On Wednesday, the Birch glacier in Switzerland’s southern Valais (Wallis) region collapsed, sending tons of rock, ice and scree hurtling down the mountain slope and into the valley below.

The barrage largely destroyed the hamlet of Blatten, which had been home to 300 people and was evacuated last week due to the impending danger.

One person, a man aged 64, believed to be in the affected zone at the time, remained missing. A police spokesman said the difficult conditions had forced the search for him to be called off on Thursday afternoon.

Authorities declared a local state of emergency on Thursday as they monitor the situation after the huge pile of glacier debris, stretching some two kilometres, blocked the river Lonza.

“There is a serious risk of an ice jam that could flood the valley below,” Antoine Jacquod, a military security official, told the Keystone-ATS news agency. “We’re going to try to assess its dimensions today,” added Jacquod.

Authorities said an assessment would be made at 6pm (9pm PKT) from the nearby village of Ferden as to whether an approach to the zone could be attempted.
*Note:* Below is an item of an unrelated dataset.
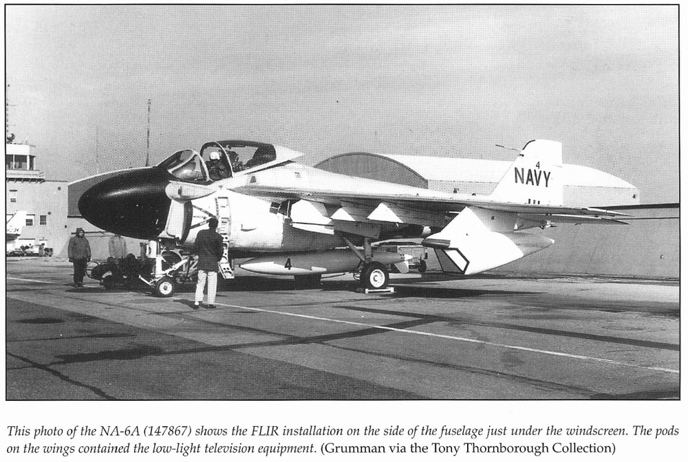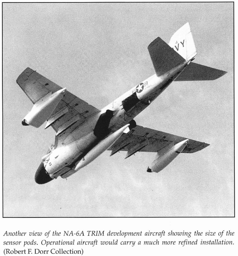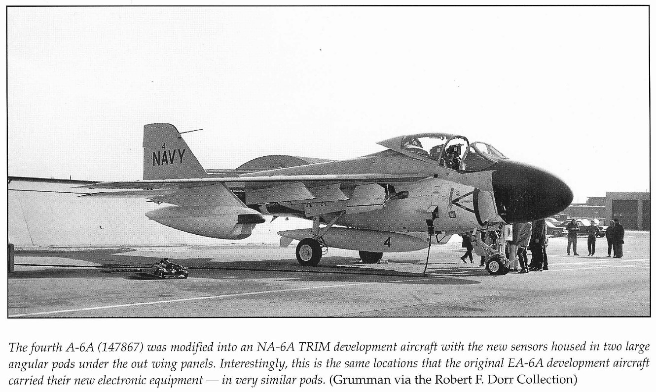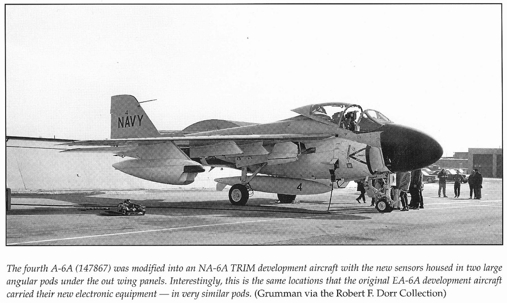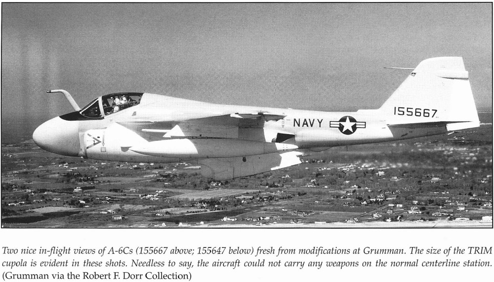 Initial TRIM testing began in 1967, with the system mounted on modified AP-2B Neptune aircraft operating out of Cam Ranh Bay, South Vietnam, from September 1968 to June 1969. This combat evaluation phase provided valuable feedback to Grumman. One of the first dedicated test platforms was a modified NA-6A (BuNo 147867). Early versions of TRIM used angular wing-mounted pods, but these were replaced with a more refined, removable centerline pod with a rotating turret. Due to the added weight of the system, the A-6C was retrofitted with the stronger tail hook assembly from the EA-6A to accommodate higher landing weights. The first flight of the TRIM-equipped testbed occurred on June 11, 1969.

As a precaution, 16 people were evacuated late on Wednesday from the villages of Wiler and Kippel located downstream from the disaster area in the Loetschental valley, known for scenic views stretching some 30km and home to around 1,500 people living in traditional villages.

 A small village of Blatten and its surroundings in the Bietschhorn mountain of the Swiss Alps, Switzerland on May 29, 2025 after it was destroyed the previous day by a landslide. — AFP
A small village of Blatten and its surroundings in the Bietschhorn mountain of the Swiss Alps, Switzerland on May 29, 2025 after it was destroyed the previous day by a landslide. — AFP

‘Not very stable’

“It’s like a mountain, and of course, it creates a small lake that gets bigger and bigger,” explained Raphael Mayoraz, the cantonal official in charge of natural hazard management, on Wednesday evening.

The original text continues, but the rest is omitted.